I. Answer the following questions, based on the material in Chapter 6, Object Modeling.
- What is object-oriented analysis, and what are some advantages of this method?
- Define an object, and provide three examples.
- Define an attribute, and provide three examples.
- Define a method, and provide three examples.
- Define encapsulation, and explain how it is used in object-oriented analysis.
- Define polymorphism, and provide three examples.
- Define a class, subclass, and superclass, and provide three examples of each.
- Define an actor, and provide three examples.
- Define a use case and a use case diagram, and prepare a sample of each.
- Define the term black box, and explain why it is an important concept in object-oriented
1 Osceola auto parts
Osceola Auto Parts is an independent auto parts dealer that sells auto parts, runs tests on customers’ cars,
and delivers parts and tools to mechanic shops around town.
1. Identify possible actors and use cases involved in Osceola’s business functions. 2. Create a use case diagram for Osceola’s operations.
3. Select one of the use cases and create a class diagram.
4. Create a sequence diagram for the use case you selected.

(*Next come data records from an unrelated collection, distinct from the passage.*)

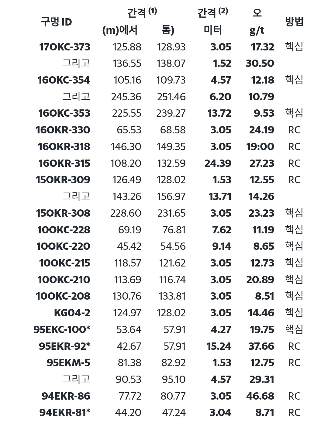 다음 표는 다이아몬드 드릴링("코어") 또는 역순환("RC")과 같이 사용된 드릴링 방법을 언급하면서 역사적인 드릴링에서 발생하고 더 넓은 범위의 저등급 광물화 내에서 보고된 높은 등급 간격을 강조 표시합니다
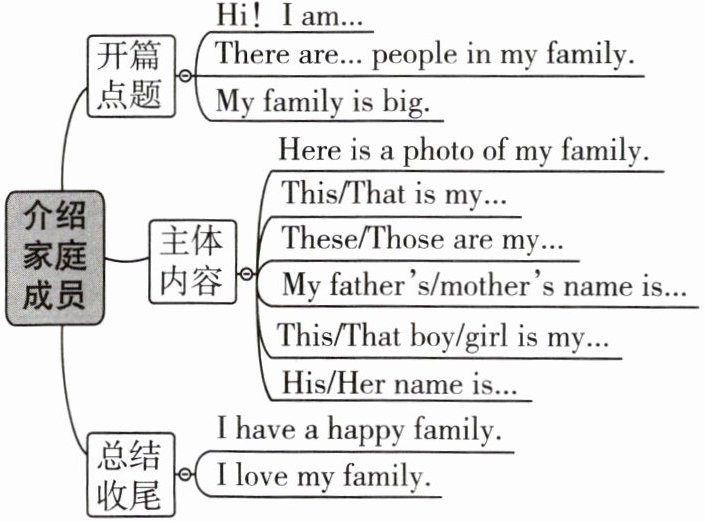 Step 3连——连词成句 2.a photo of father’s name His name;Step 5修——修饰美化 1.In their free time, they like gardening. They grow lots of flowers in their yard. 2.Both of my parents are teachers. They like running at night, so they are very healthy. 3.I like him best because he is very cute and smart. He has a round face with bright eyes. 4.I love my family very much, and we love each other deep down in our hearts.
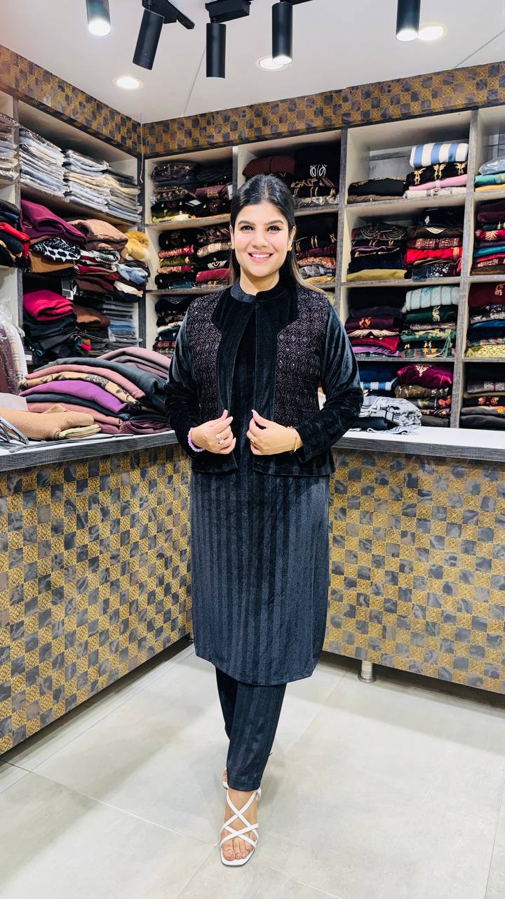 Ravena is a refined Premium Velvet ensemble crafted in a deep charcoal-black tone, designed for sharp winter elegance. The base shirt features a sleek, minimal velvet finish that keeps the silhouette clean and elongated.
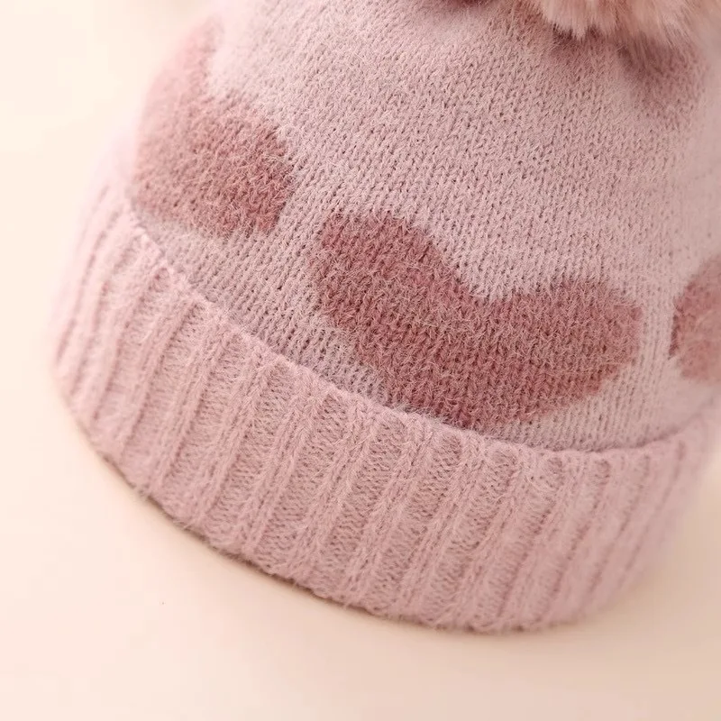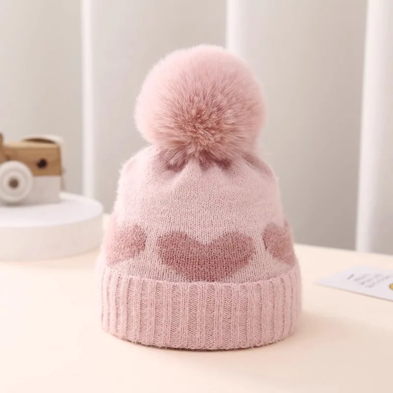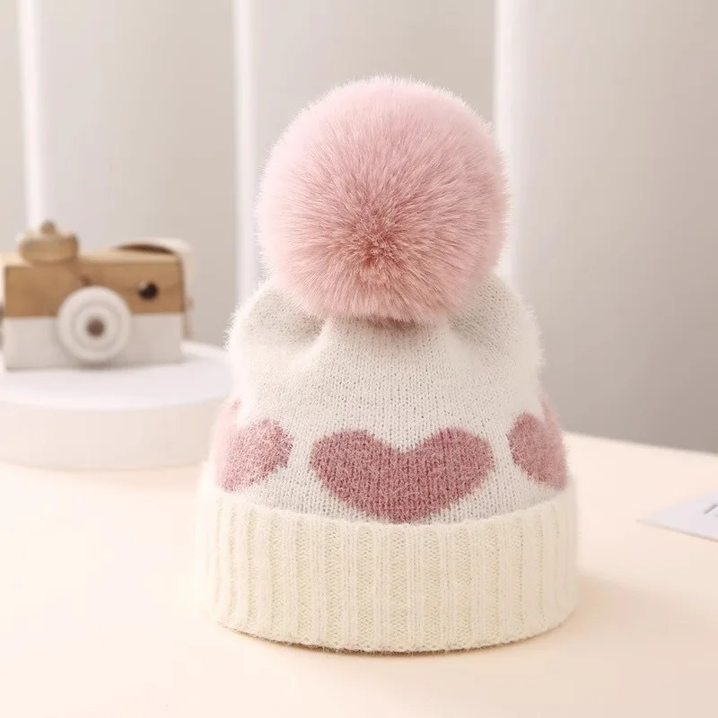 Gorro de punto con bola de terciopelo en forma de corazón, suave y cálido, bola de terciopelo de felpa, lleno de elasticidad, adecuado para salidas diarias
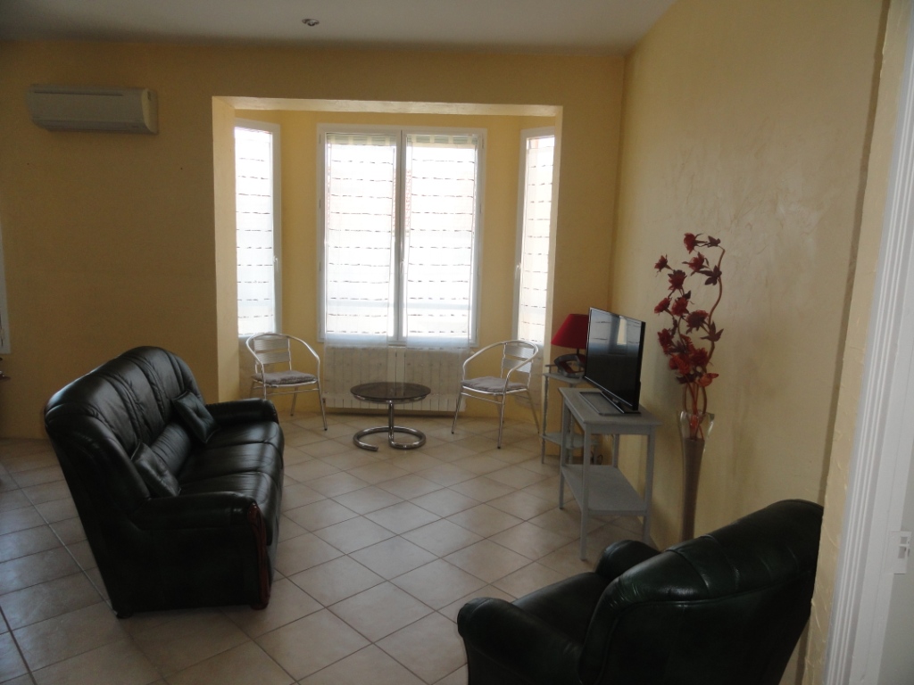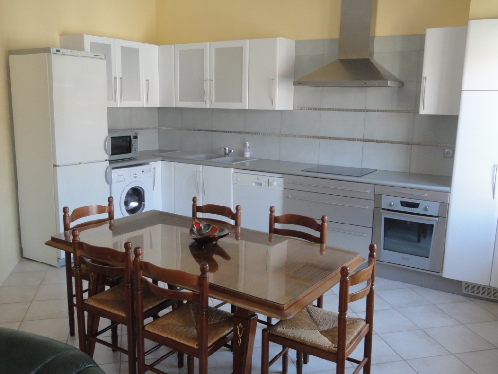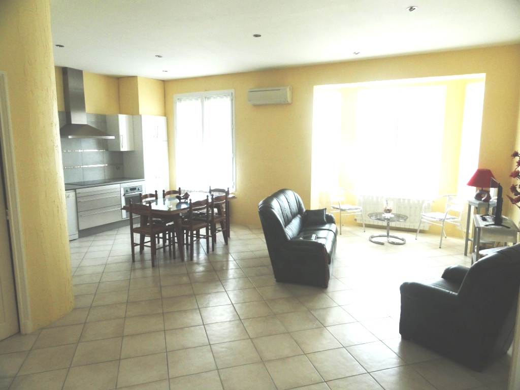 Appartement F4 de 93m², très ensoleillé, dans une maison comprenant cuisine équipée, four, lave-vaisselle, micro-ondes, lave-linge, plaque induction , climatisation, 3 chambres spacieuses, salle de bain et WC indépendant, jardin de 60m².

Oakwood Community College registration
Oakwood Community College has a student registration process similar to the one at your school. The administration asked you, as IT director, to develop a new system that would be more user-friendly. Your first task is to create an object-oriented model of the current system. You can use your school’s registra- tion process as the basis for the model.
- List possible objects in the registration system, including their attributes and methods.
- Identify possible use cases and actors.
- Create a use case diagram that shows how students register.
- Create a state transition diagram that describes typical student states and how they change based on specific actions and events.